• **WHAT IS BEING ASKED**
With the pictures set aside, return the lines below exactly, beginning at the first and ending at the line containing "LOFT Women's Regular".

[Stored items from a collection]
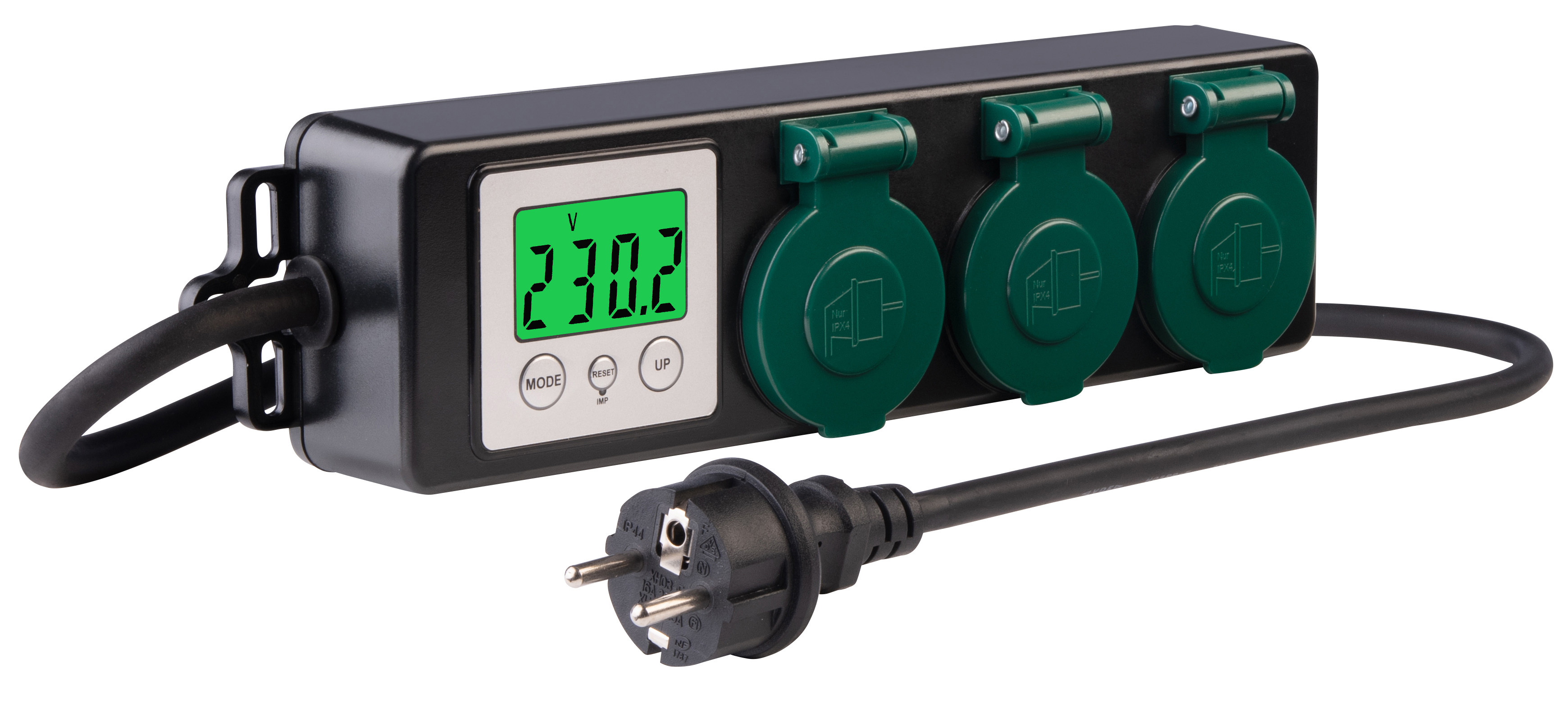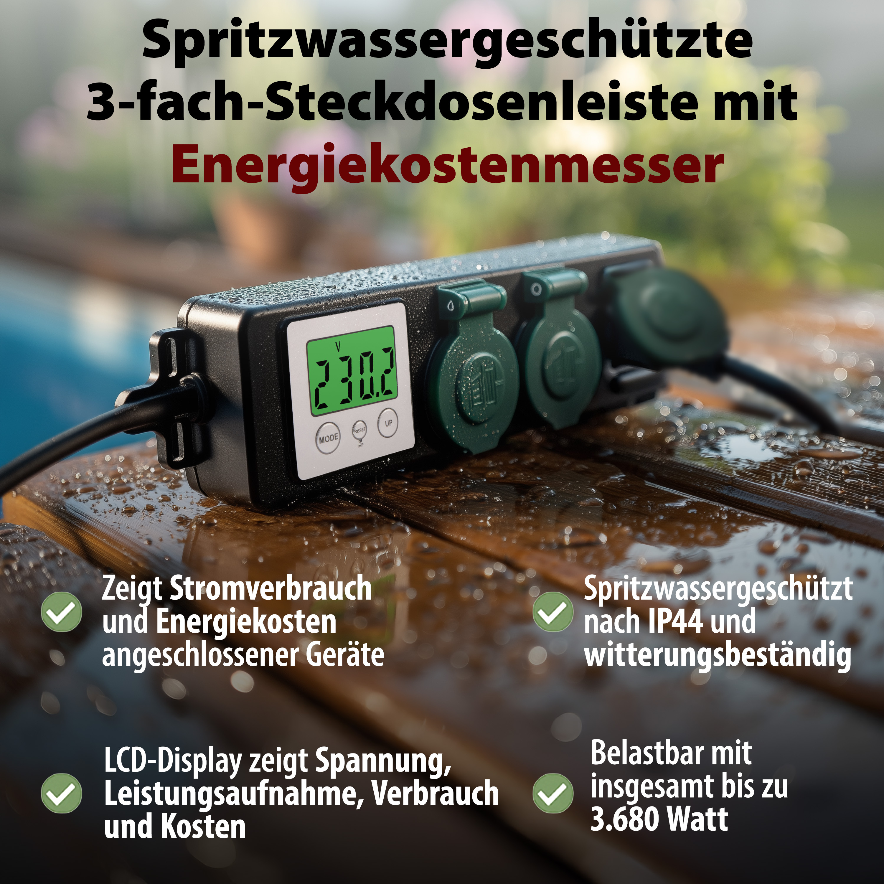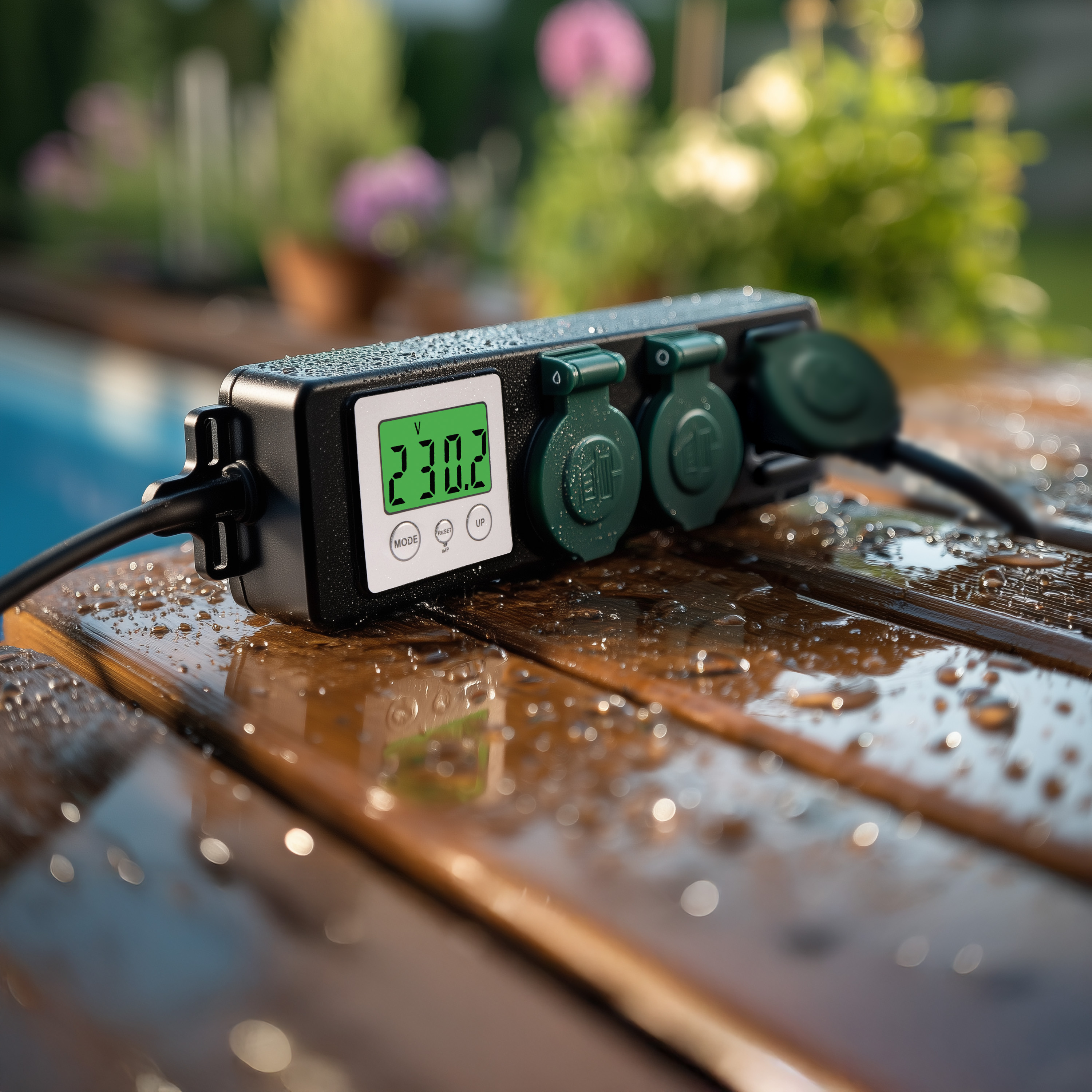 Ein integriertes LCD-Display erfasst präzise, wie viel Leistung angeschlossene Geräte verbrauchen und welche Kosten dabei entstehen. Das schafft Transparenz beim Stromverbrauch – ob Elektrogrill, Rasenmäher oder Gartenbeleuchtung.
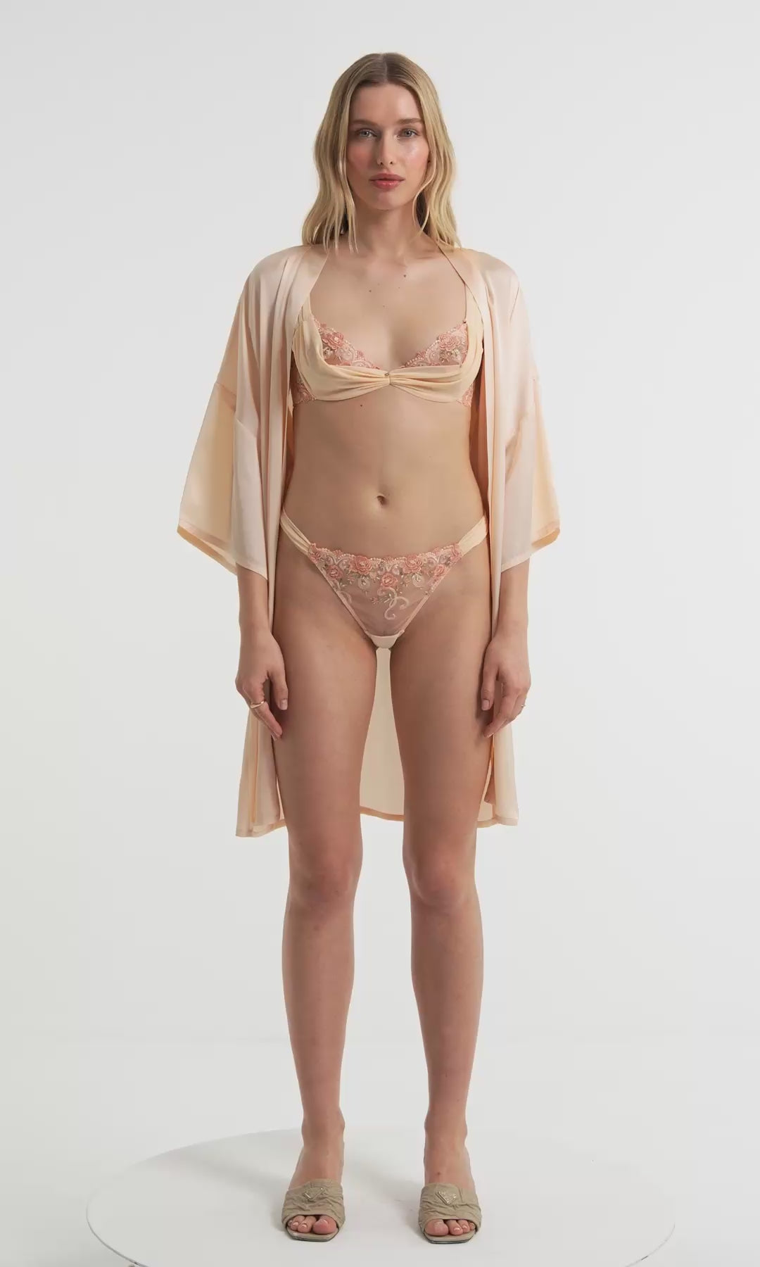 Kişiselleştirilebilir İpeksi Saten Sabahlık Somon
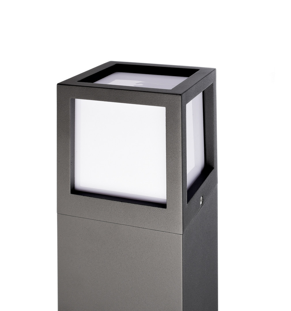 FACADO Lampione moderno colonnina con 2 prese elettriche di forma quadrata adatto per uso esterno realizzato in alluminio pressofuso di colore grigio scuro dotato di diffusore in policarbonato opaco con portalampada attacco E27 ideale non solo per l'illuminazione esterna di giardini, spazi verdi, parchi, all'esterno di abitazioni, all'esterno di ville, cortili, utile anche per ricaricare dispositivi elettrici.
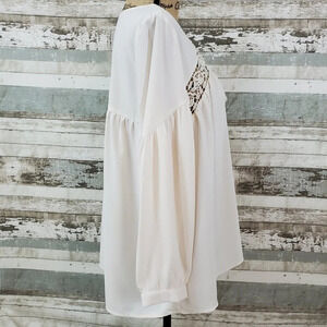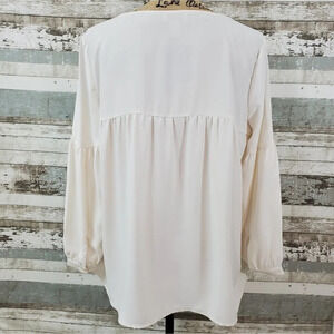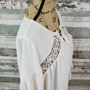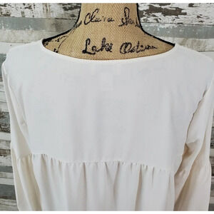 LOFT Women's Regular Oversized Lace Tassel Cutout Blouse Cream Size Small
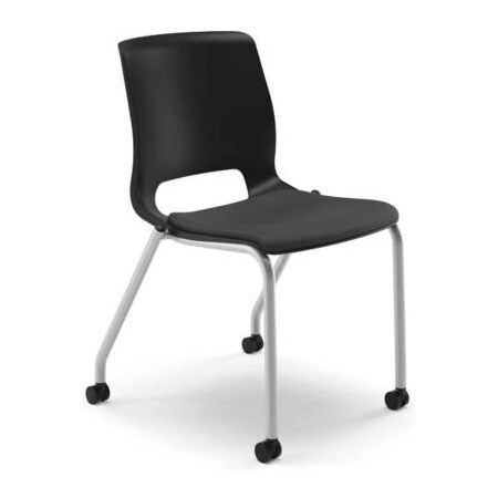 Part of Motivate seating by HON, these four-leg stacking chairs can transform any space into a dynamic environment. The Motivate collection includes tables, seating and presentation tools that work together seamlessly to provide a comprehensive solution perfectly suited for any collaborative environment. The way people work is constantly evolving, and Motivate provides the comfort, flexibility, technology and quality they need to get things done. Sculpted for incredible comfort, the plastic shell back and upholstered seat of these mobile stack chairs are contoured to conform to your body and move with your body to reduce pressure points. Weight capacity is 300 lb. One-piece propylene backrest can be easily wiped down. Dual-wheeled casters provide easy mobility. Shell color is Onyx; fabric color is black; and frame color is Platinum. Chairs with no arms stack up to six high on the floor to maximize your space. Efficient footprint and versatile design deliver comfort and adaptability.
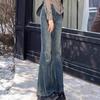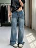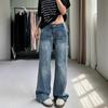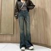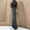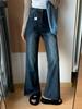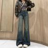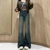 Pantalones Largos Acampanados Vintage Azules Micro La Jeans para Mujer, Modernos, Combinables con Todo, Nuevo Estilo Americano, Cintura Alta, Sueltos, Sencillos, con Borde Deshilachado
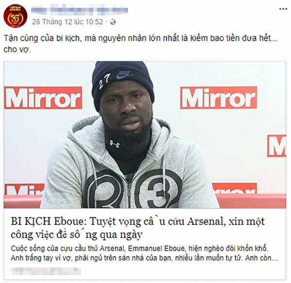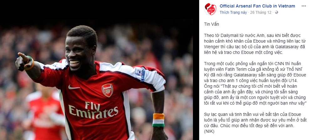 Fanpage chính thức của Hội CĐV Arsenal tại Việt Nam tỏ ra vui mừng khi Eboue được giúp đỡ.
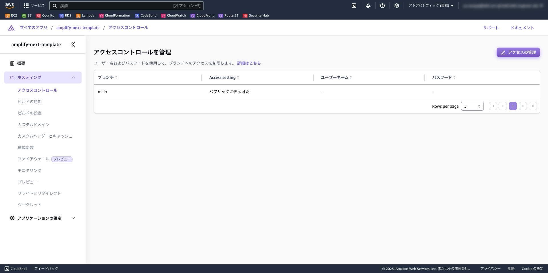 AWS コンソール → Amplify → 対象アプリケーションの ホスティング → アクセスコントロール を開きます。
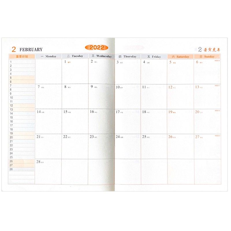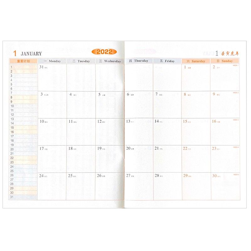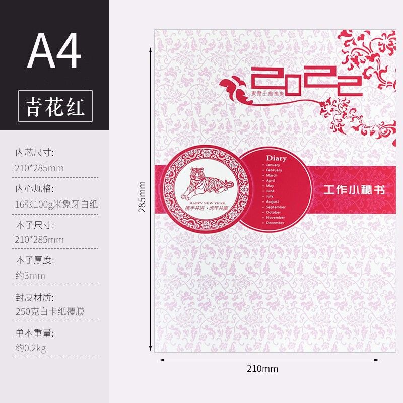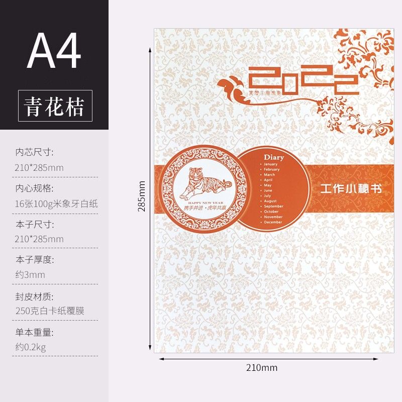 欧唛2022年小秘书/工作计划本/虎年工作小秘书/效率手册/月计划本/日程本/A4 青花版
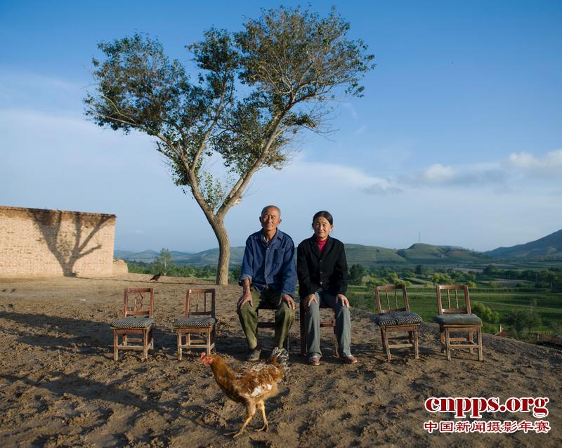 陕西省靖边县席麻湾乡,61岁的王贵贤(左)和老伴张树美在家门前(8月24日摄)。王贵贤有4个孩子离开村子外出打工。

• **SOLUTION FOR THIS PROBLEM**
 Ein integriertes LCD-Display erfasst präzise, wie viel Leistung angeschlossene Geräte verbrauchen und welche Kosten dabei entstehen. Das schafft Transparenz beim Stromverbrauch – ob Elektrogrill, Rasenmäher oder Gartenbeleuchtung.
 Kişiselleştirilebilir İpeksi Saten Sabahlık Somon
 FACADO Lampione moderno colonnina con 2 prese elettriche di forma quadrata adatto per uso esterno realizzato in alluminio pressofuso di colore grigio scuro dotato di diffusore in policarbonato opaco con portalampada attacco E27 ideale non solo per l'illuminazione esterna di giardini, spazi verdi, parchi, all'esterno di abitazioni, all'esterno di ville, cortili, utile anche per ricaricare dispositivi elettrici.
 LOFT Women's Regular Oversized Lace Tassel Cutout Blouse Cream Size Small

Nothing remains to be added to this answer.